前言
之前谈的基础深度学习的模型一直都是分类,即给定一张图片分辨出图像是什么东西。而更有趣的是在目标检测领域,给定一张图片,不仅要分辨出图示的物体是什么,还要标注出目标的边框。我之前的博文写过一个手写数字分割的,大概的思想是将纸上的区域转为二值化数据,然后统计二值像素绘制成直方图得出行列的边界或者是利用纯opencv的方法得的边界。但是这种方法不太适合一些复杂图片。如下面所示(图像来源斯坦福cs231n课程)。
yolo(you only look once) 是其中一种非常有效且高效的方法,网上的博客文档非常多,我就不再详细介绍整个实现模式(如网络结构)。基本的介绍可以参考这篇博文 目标检测|YOLO原理与实现,我觉得写得非常好。本文将针对yolo实现的技术细节(如怎么转化(x,y, w, h)置信度,NMS等) 并会给出示例代码(包能用,逃)
- ① 介绍模型的应用,得到预测数据
- ② 怎么将预测值转为我们想要的数据(边界左上角,右下角,预测分数)
- ③ 怎么构建自己的训练集(以voc2007为例)及训练
注:本文介绍的是yolov1,看过吴恩达的deeplearning课程的可能会对archor box之类的概念(其实archor box是yolo v2提出),这里我们不涉及。我建议学习路线是跟着yolo的发展看论文(一定要看论文),从yolov1 到 yolov2(yolo 9000) 再到最新的yolov3。这样会比较清晰脉络且也更容易接受
一、模型导入
从一开始我不打算介绍复杂的概念,其实所有深度学习的模型都可以这样概括,给你一个模型,然后你根据网络架构得到一个predict的矩阵。你可以理解yolo也是这样。首先我们来导入yolo的模型,权重文件可以从这里下载,话不多说,直接上代码
import numpy as np
import cv2
import tensorflow as tf
class Yolov1(object):
def __init__(self, weights_file):
# yolo可以预测的物体(20类,如猫,狗,车等)
self.classes_list = ["aeroplane", "bicycle", "bird", "boat", "bottle",
"bus", "car", "cat", "chair", "cow", "diningtable",
"dog", "horse", "motorbike", "person", "pottedplant",
"sheep", "sofa", "train", "tvmonitor"]
# 预测图片的尺寸 448*448
self.image_size = 448
# 将图片分割成7*7的格子(注意不是真的分割)
self.cell_size = 7
# 一个格子的大小 448/7 = 64
self.image_scale = self.image_size / self.cell_size
# 每个格子预测2个box
self.box_per_cell = 2
self.classes = len(self.classes_list)
# 一张图片最多的边框(这个参数是极大值抑制用的)及iou
self.max_output_size = 10
self.iou_threshold = 0.4
# 预测分数的阈值,我这里设为0.1
self.threshold = 0.1
# 绘制坐标值 [7, 7 ,2]
self.x_offset = np.transpose(np.reshape(
np.array([np.arange(self.cell_size)] * self.cell_size * self.box_per_cell),
[self.box_per_cell, self.cell_size, self.cell_size]),
[1, 2, 0])
self.y_offset = np.transpose(self.x_offset, [1, 0, 2])
self.sess = tf.Session()
# 网络结构
self._build_net()
# 解析预测值
self._build_detector()
# 解析权重
self._load_weights(weights_file)
def _build_net(self):
print('Start to build the network ...')
self.images = tf.placeholder(tf.float32, [None, self.image_size, self.image_size, 3])
net = self._conv2d(self.images, 1, 64, 7, 2)

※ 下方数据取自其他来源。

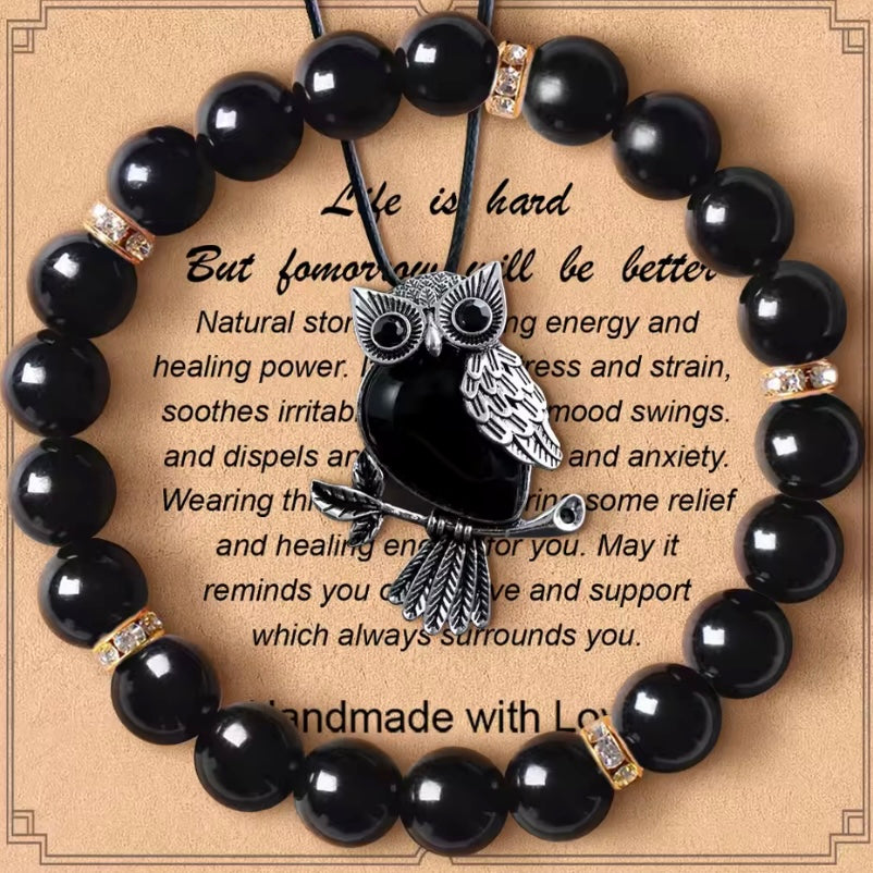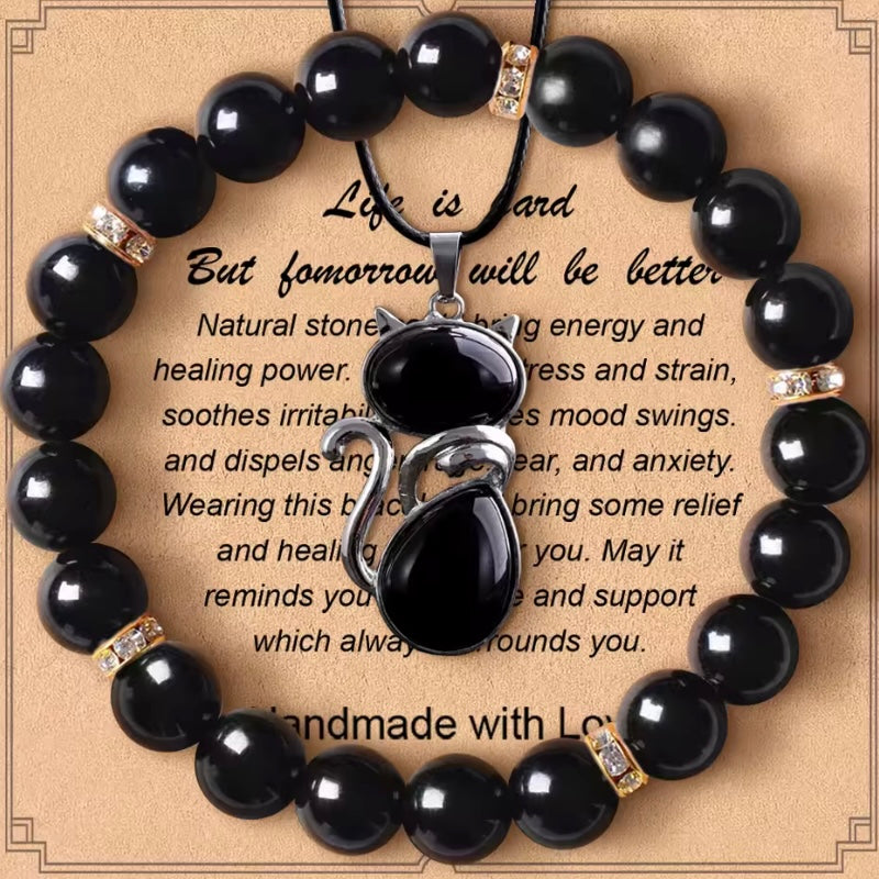 2-delige Obsidiaan Set - Armband en hanger met inspirerende kaarten, helende kristallen voor het verlichten van angst en evenwichtsbalancering van emoties

net = self._maxpool(net, 1, 2, 2)
net = self._conv2d(net, 2, 192, 3, 1)
net = self._maxpool(net, 2, 2, 2)
net = self._conv2d(net, 3, 128, 1, 1)
net = self._conv2d(net, 4, 256, 3, 1)
net = self._conv2d(net, 5, 256, 1, 1)
net = self._conv2d(net, 6, 512, 3, 1)
net = self._maxpool(net, 6, 2, 2)
net = self._conv2d(net, 7, 256, 1, 1)
net = self._conv2d(net, 8, 512, 3, 1)
net = self._conv2d(net, 9, 256, 1, 1)
net = self._conv2d(net, 10, 512, 3, 1)
net = self._conv2d(net, 11, 256, 1, 1)
net = self._conv2d(net, 12, 512, 3, 1)
net = self._conv2d(net, 13, 256, 1, 1)
net = self._conv2d(net, 14, 512, 3, 1)
net = self._conv2d(net, 15, 512, 1, 1)
net = self._conv2d(net, 16, 1024, 3, 1)
net = self._maxpool(net, 16, 2, 2)
net = self._conv2d(net, 17, 512, 1, 1)
net = self._conv2d(net, 18, 1024, 3, 1)
net = self._conv2d(net, 19, 512, 1, 1)
net = self._conv2d(net, 20, 1024, 3, 1)
net = self._conv2d(net, 21, 1024, 3, 1)
net = self._conv2d(net, 22, 1024, 3, 2)
net = self._conv2d(net, 23, 1024, 3, 1)
net = self._conv2d(net, 24, 1024, 3, 1)
net = self._flatten(net)
net = self._fc(net, 25, 512, activation=tf.nn.leaky_relu)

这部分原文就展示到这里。